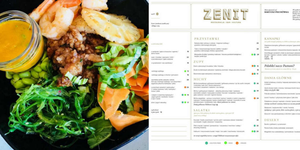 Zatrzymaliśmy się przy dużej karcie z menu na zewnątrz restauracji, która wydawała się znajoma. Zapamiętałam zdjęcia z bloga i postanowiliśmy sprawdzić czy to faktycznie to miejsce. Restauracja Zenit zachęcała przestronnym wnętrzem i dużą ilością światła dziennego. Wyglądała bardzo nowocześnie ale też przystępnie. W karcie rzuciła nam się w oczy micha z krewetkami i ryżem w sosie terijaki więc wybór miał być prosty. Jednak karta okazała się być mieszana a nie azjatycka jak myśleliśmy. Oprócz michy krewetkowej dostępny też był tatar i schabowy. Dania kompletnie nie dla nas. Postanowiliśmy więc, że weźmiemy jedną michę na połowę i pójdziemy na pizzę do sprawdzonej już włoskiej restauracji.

-----

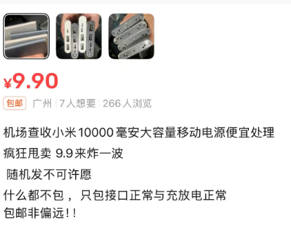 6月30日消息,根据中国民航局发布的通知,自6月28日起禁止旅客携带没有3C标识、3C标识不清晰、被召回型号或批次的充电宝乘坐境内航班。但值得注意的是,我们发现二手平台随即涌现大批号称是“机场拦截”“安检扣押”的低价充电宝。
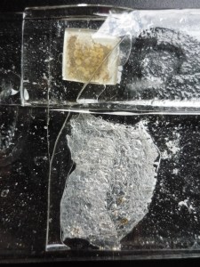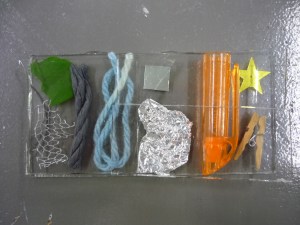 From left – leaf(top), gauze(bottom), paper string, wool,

-----

> **About this task**: Output exactly those lines of the data above that run from the line with "6月30日消息,根据中国民航" up to and including the line with "From left –". No pictures go in.

> **Solution for this exercise**:
 6月30日消息,根据中国民航局发布的通知,自6月28日起禁止旅客携带没有3C标识、3C标识不清晰、被召回型号或批次的充电宝乘坐境内航班。但值得注意的是,我们发现二手平台随即涌现大批号称是“机场拦截”“安检扣押”的低价充电宝。
 From left – leaf(top), gauze(bottom), paper string, wool,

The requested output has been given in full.